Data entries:

────

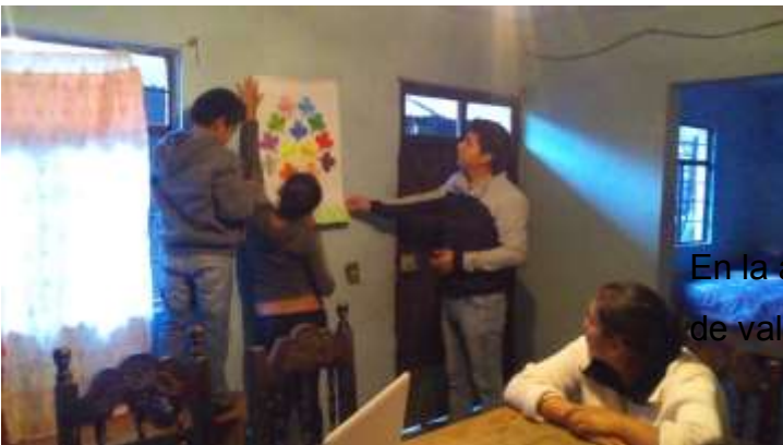
En la actividad 9, colocando el “Árbol de valores”.
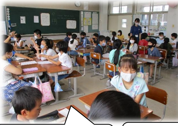
【つながりタイム】毎週水曜日にアドジャンを実施。
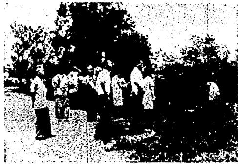
(排水路の汚染状況をみる一行)
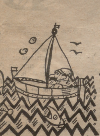
Y un ministro, ¡vive dios! que vale, lo menos, dos.
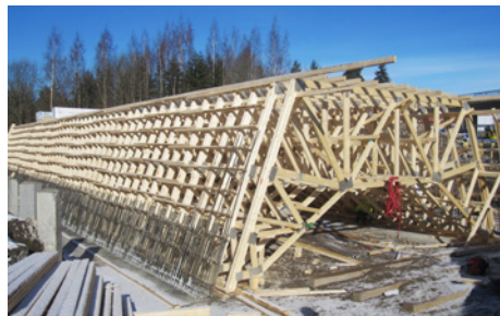
Launeen alikulkukäytävän muottityömaa kevättauringossa.
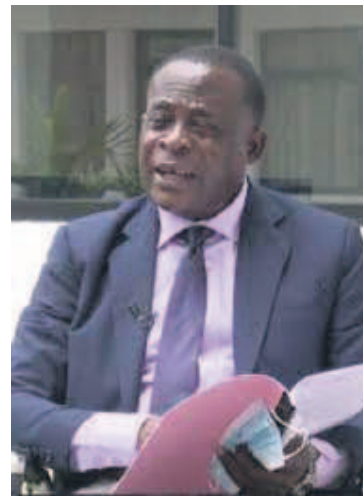
Pr Ange Antoine Abena

Par ailleurs, quatre docteurs ont présenté les productions scientifiques avec vingt publications tirées de leurs travaux de thèses. En effet, la leçon inaugurale a été
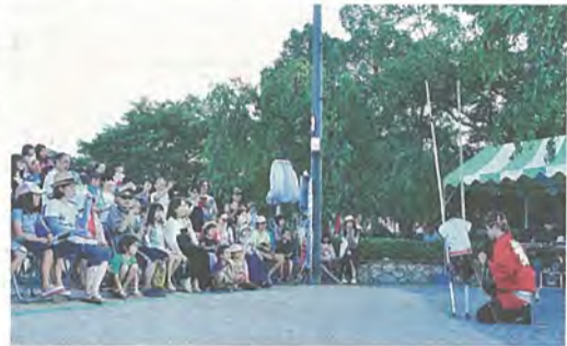
猿まわしパフォーマンスを楽しむ来場者たち

また、会場には願いごと記載所が設けられ、来場者は、願いごとを書いた短冊を、堤防上の園路に飾られた笹に結んでいました。日暮れ頃からは、約400灯籠に明かりが点灯。来場者は、園路を包むやわらかな光と、涼しげな風鈴の音色が織りなす心地よい空間をそぞろ歩いていました。
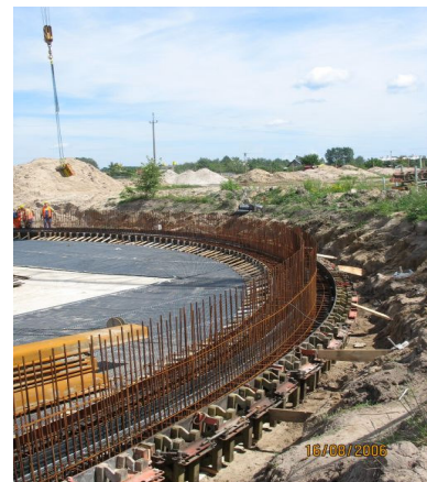
Stan budowy oczyszczalni w dniu 16.08.2006 r.

Dnia 15 września 2004 r. symbolicznie wmurowano kamień węgielny pod budowę oczyszczalni ścieków w Mielcu. Wykonawcą kontraktu była firma Skanska S.A., a planowany czas trwania jego realizacji wynosił 23 miesiące. Głównym inwestorem jest Miejskie Przedsiębiorstwo Gospodarki Komunalnej Sp. z o.o. w Mielcu. Po ukończeniu inwestycji Mielec posiadał będzie oczyszczalnię ścieków o przepustowości 14 700 m 3 /dobę. Będzie to oczyszczalnia mechaniczno-biologiczna z pogłębionym usuwaniem związków biogenych i pełnym węzłem przeróbki
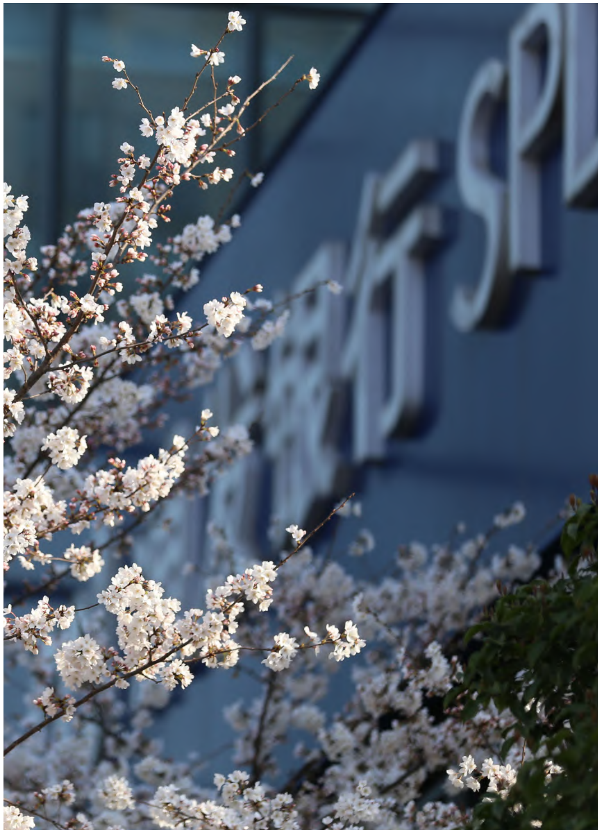
摄影作品：《樱之舞》苏州分行 顾维琪
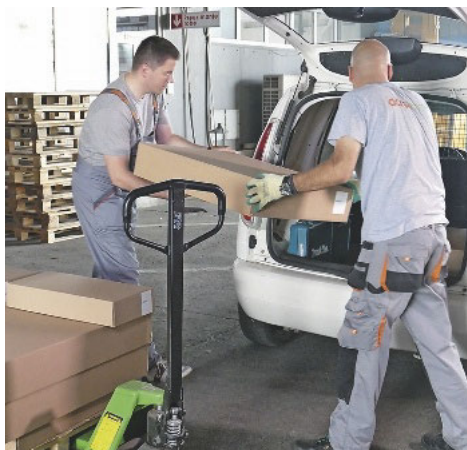
Ein Schreiner holt seine Bestellung selbst ab

ein anderer Kollege die mit den Möbelteilen zu verpackenden Möbelbeschläge. Auch hierbei organisiert WoodFactory den Workflow und stellt mit einem Barcodescanner die Wahl der korrekten Beschläge in exakt der geforderten Stückzahl sicher, nur dann gibt das Leitsystem grünes Licht.

────

What needs to be done: Output exactly the lines from the first line of the records through the line containing "Pr Ange Antoine Abena". Leave out every picture.

Answer area:
En la actividad 9, colocando el “Árbol de valores”.
【つながりタイム】毎週水曜日にアドジャンを実施。
(排水路の汚染状況をみる一行)
Y un ministro, ¡vive dios! que vale, lo menos, dos.
Launeen alikulkukäytävän muottityömaa kevättauringossa.
Pr Ange Antoine Abena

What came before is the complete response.